Wednesday, April 14, 2010

My mentor

There have been many men I have learned from in my life. First, of course, my Dad. He taught me my core values and will always remain my primary teacher. Then there was Ricky who taught me that friendship is extraordinarily important, even though we were both elementary school kids at the time. Later there was Don who taught me about social behavior and honesty and then, later, was my first gay role model. There was Ron, who eased me through the process of coming out and Sandy, my first boyfriend, who modeled creative behavior, freeing me a bit from the straight-laced role I had assumed. He also took me to my first Verdi Requiem, opening the door to the fascinating richness of choral music and opera.

And there was Stephen (pronounced Stefen). Dr. Stephen Lenton was a professor at Virginia Commonwealth University (VCU) and led the section of Education of Self that was my introduction to the Awareness Series. It was a course unlike any I had ever taken, or ever heard of. We met in an art studio; the first ones to arrive had to clear a large open space by pushing all the easels and paraphernalia to the side . We would then lie down on the floor, close our eyes and try to shut out the world, opening ourselves to whatever was going to happen next.
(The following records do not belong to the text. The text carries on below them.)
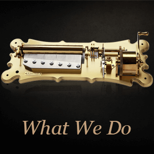 Wir konzentrieren uns ausschließlich auf den Bereich der mechanischen Spieluhren und sind seit mehr als 20 Jahren tätig. Wir liefern alle Modelle von Musikwerken, Zugseil-Spieluhrwerken, Handkurbel-Spieluhrmechanismen und Aufzieh-Spieluhrwerken sowie Tausende von Melodien zur Auswahl.
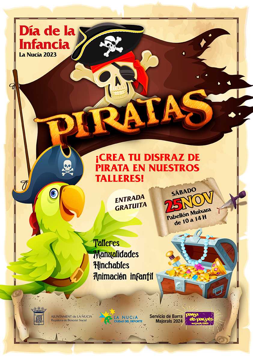 La Concejalía de Bienestar Social de La Nucía conmemorará el XV Día Internacional de la Infancia este sábado 25 de noviembre de 10 a 14 horas en el parking del Pabellón Muixara. Habrá 11 talleres relacionados con los Piratas, hinchables y mucha diversión para los más peques. La entrada será libre y gratuita.
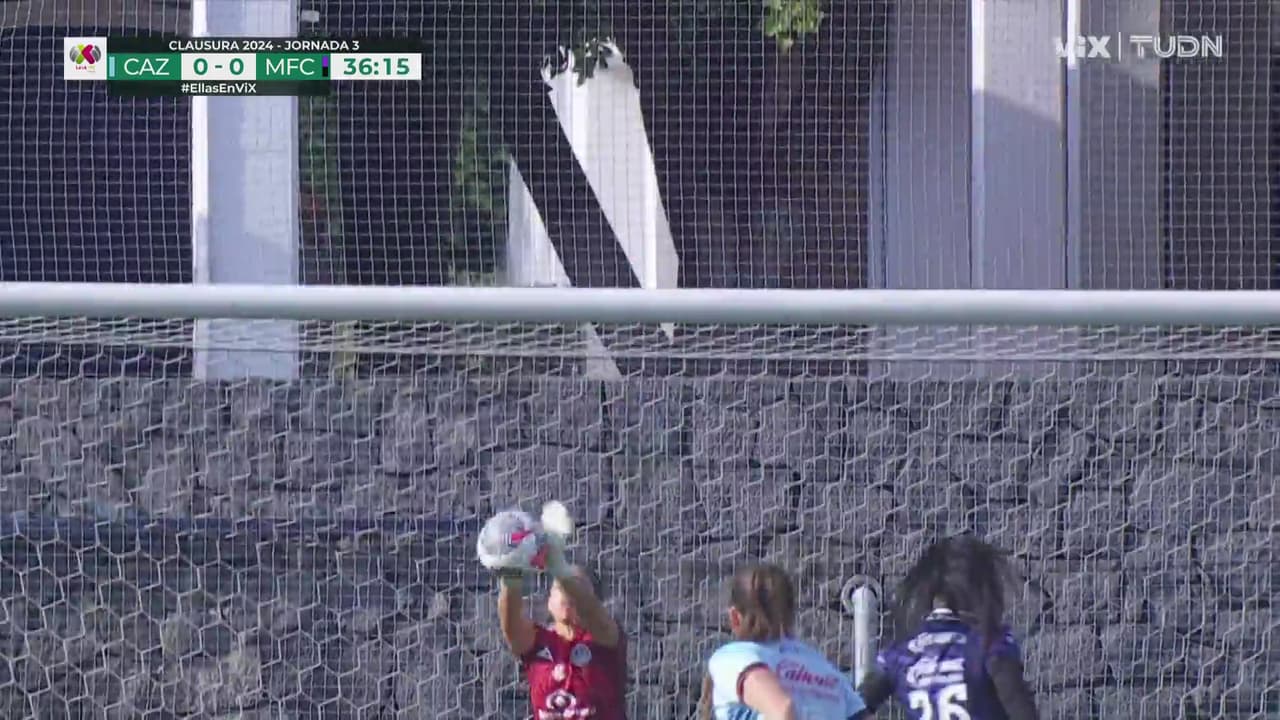 La jugadora Celeste lo intenta de larga distancia con potencia, pero la arquera visitante rechaza de forma correcta.
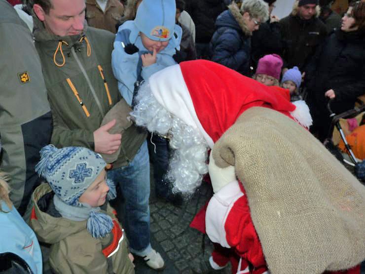 Natürlich war auch der Weihnachtsmann auf dem Weihnachtsmarkt präsent. Er hatte sich sogar einen klein Gehilfen mitgebracht, um die Arbeit ordentlich bewältigen zu können.
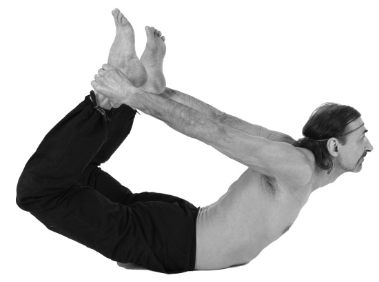 Исходное положение — лежа на коврике лицом вниз, лоб прижат к полу, ноги согнуты в коленях и разведены в стороны, кисти рук держат одноименные лодыжки.
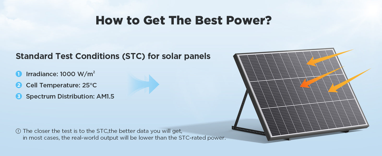 The 100W rating is measured under Standard Test Conditions (STC): ideal sunlight and temperature. In real use, sun angle, heat, shading, wiring loss, and device efficiency affect output. So power below 100W is normal and does not indicate a defect.

And what happened was fascinating stuff. Stephen would lead us through activities, in groups both small and large, that were meant to make us contemplate who we were, how we felt and thought, how we expressed those thoughts and emotions and, more importantly, to "experience" all that. It was in fact experiential learning. "Getting in touch with our feelings" didn't then sound as trite it does today; it was new and exciting and scary and challenging -- especially, I think, for the men in the room.

There was a jargon that went along with the learning. I started prefacing half my sentences with "I'm aware…" (I'm aware that I'm hungry). I got past that and learned the the real truths had less to do with language -- though Stephen always maintained language was key -- and had more to do with owning my feelings and being responsible for what I say and do. We worked on power and trust and touch and silence and body language -- using an array of tools to change and grow.

Change and grow I did. Never more so than in a weekend workshop "On Being A Man," which dealt with  a variety of male issues, including men's often typical aversion to closeness and physical contact with other men. It was powerful stuff.

I think of those times, and of Stephen, fairly often. To quote a line from The Big Chill: "I was at my best when I was with you people." I think about Stephen when I say honestly what I am thinking, rather than hem and haw and beat around the bush. I think of him when I express what I want because he taught me that expecting to get it without asking for it is silly. I think of him when I use "I" instead of "you" ("when I walk into a room of strangers I feel" . . . instead of "you know how you feel when you walk into a room…") And in more important ways, I think of Stephen when I express my anger without attacking the person I'm talking to; or when I listen, really listen, rather than rehearse what I want to say next; or when I ask someone "how are you," and give them a chance to really tell me; or when I realize that "being right" is usually not as important as I think it is.

I'm not always good at this stuff, but if I am ever good at it, it is largely due to this wonderful man who became my mentor in the 1970s. I miss you Stephen.
(from Lesbian and Gay Richmond by Beth Marschak and Alex North, Arcadia Publishing, 2008).